- The task: Using the listing below, copy exactly each line from the one that has "袋帯 速野静鳳 辻が花" through the one that has "This is a large, well-maintained"; omit the pictures.

- Provided entries:
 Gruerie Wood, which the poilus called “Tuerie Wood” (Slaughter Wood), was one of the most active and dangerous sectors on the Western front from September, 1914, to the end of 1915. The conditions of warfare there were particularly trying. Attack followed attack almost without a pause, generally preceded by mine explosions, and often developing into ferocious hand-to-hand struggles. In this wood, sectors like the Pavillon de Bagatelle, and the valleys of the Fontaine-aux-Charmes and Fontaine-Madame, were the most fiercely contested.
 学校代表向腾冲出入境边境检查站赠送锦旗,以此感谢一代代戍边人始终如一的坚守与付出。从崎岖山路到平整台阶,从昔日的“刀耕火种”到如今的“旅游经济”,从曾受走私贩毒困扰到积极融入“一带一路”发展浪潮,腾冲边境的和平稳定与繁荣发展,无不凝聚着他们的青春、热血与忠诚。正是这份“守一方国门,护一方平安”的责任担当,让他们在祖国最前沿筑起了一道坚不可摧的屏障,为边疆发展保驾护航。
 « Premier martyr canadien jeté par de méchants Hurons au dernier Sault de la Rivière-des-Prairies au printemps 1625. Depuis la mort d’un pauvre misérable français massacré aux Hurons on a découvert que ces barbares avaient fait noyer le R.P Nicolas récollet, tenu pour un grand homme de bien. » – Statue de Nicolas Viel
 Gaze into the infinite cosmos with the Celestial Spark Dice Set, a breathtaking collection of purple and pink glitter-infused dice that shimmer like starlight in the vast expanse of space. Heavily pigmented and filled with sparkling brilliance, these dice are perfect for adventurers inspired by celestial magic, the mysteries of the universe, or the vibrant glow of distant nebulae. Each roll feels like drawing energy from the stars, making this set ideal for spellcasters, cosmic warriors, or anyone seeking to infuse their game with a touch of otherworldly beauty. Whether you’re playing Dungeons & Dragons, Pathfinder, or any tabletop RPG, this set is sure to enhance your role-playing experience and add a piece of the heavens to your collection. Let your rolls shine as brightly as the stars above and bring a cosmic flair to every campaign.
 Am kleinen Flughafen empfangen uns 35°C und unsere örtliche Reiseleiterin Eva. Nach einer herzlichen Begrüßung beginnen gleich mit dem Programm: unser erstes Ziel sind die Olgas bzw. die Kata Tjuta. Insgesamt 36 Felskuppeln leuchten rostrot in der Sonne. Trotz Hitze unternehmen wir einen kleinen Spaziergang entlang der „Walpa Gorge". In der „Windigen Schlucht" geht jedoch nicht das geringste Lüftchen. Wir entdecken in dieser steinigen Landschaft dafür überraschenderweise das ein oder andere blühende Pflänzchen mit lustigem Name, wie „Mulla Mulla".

==

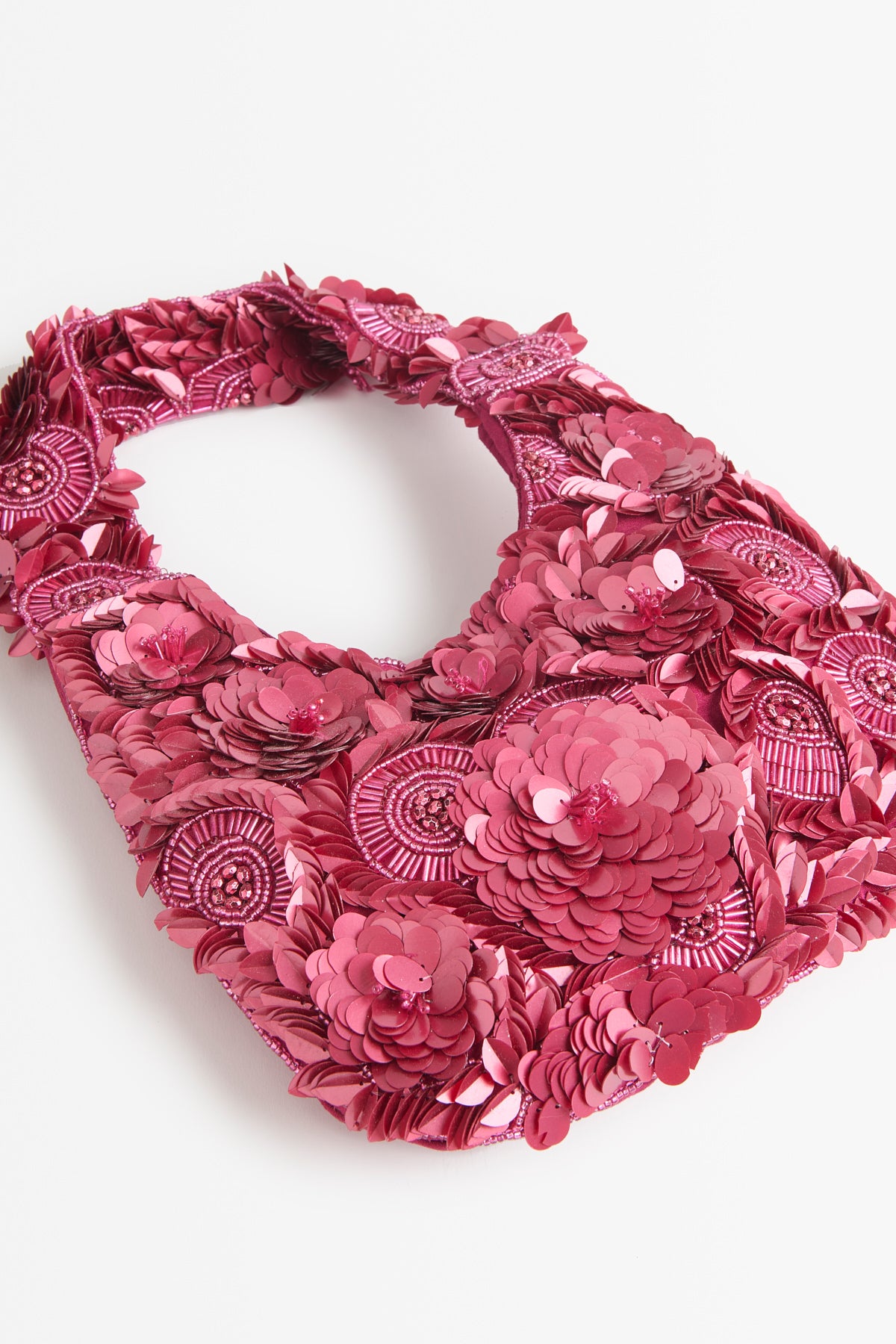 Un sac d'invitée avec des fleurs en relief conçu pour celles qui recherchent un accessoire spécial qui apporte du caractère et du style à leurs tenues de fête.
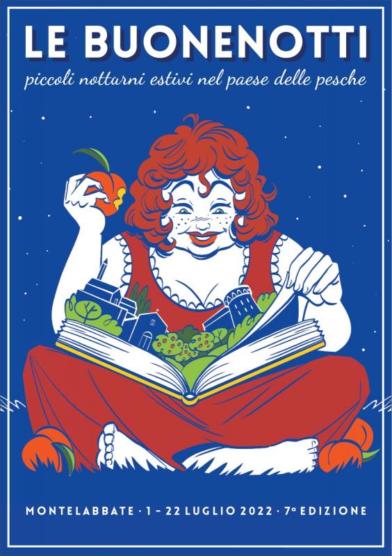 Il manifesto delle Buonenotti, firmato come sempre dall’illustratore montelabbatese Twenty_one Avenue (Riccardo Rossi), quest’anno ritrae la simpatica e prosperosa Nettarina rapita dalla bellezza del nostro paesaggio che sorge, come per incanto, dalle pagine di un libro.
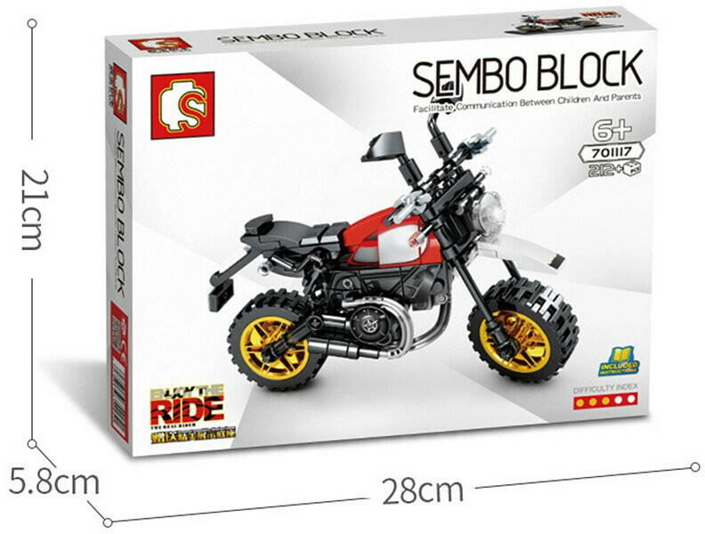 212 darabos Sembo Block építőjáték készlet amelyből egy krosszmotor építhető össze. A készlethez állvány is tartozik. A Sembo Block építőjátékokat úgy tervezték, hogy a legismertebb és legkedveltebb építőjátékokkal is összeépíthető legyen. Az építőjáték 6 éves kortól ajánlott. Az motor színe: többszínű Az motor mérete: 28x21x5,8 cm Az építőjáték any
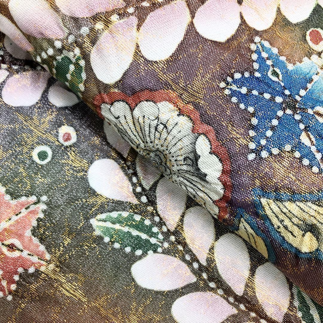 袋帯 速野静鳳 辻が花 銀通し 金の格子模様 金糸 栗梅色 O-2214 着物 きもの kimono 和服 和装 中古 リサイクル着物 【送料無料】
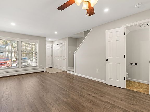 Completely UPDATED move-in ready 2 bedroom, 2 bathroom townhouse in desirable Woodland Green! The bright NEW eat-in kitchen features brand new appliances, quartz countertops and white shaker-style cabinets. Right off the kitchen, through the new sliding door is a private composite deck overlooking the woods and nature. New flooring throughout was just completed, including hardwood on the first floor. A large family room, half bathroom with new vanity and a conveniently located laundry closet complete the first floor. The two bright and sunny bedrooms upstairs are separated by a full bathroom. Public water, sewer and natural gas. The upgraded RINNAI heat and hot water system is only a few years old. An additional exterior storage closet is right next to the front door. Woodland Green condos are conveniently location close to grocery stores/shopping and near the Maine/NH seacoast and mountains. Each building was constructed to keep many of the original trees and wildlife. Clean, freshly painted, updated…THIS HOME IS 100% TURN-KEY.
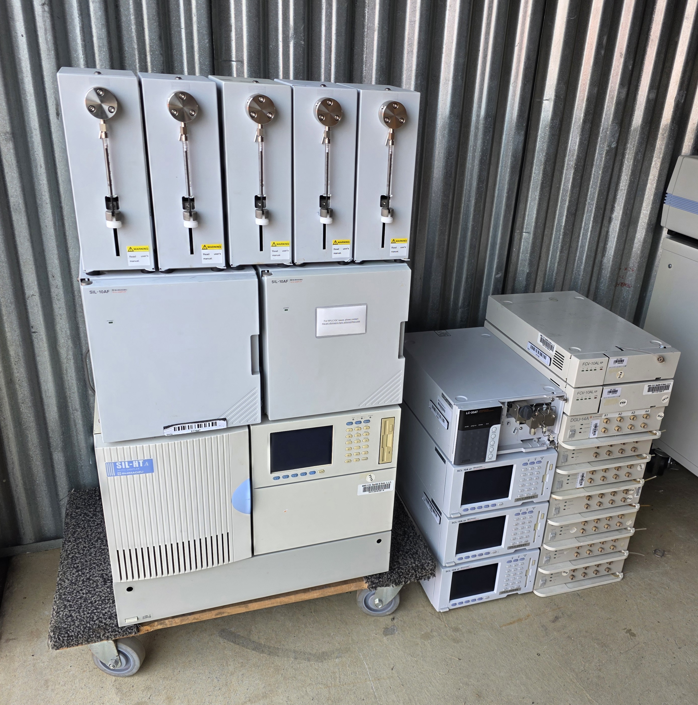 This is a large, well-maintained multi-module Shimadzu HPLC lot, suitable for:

--

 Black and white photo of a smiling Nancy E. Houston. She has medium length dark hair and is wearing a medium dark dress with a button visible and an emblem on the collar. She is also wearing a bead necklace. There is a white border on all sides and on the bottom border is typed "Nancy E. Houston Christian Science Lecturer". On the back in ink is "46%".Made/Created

- Response to the task:
 袋帯 速野静鳳 辻が花 銀通し 金の格子模様 金糸 栗梅色 O-2214 着物 きもの kimono 和服 和装 中古 リサイクル着物 【送料無料】
 Completely UPDATED move-in ready 2 bedroom, 2 bathroom townhouse in desirable Woodland Green! The bright NEW eat-in kitchen features brand new appliances, quartz countertops and white shaker-style cabinets. Right off the kitchen, through the new sliding door is a private composite deck overlooking the woods and nature. New flooring throughout was just completed, including hardwood on the first floor. A large family room, half bathroom with new vanity and a conveniently located laundry closet complete the first floor. The two bright and sunny bedrooms upstairs are separated by a full bathroom. Public water, sewer and natural gas. The upgraded RINNAI heat and hot water system is only a few years old. An additional exterior storage closet is right next to the front door. Woodland Green condos are conveniently location close to grocery stores/shopping and near the Maine/NH seacoast and mountains. Each building was constructed to keep many of the original trees and wildlife. Clean, freshly painted, updated…THIS HOME IS 100% TURN-KEY.
 This is a large, well-maintained multi-module Shimadzu HPLC lot, suitable for:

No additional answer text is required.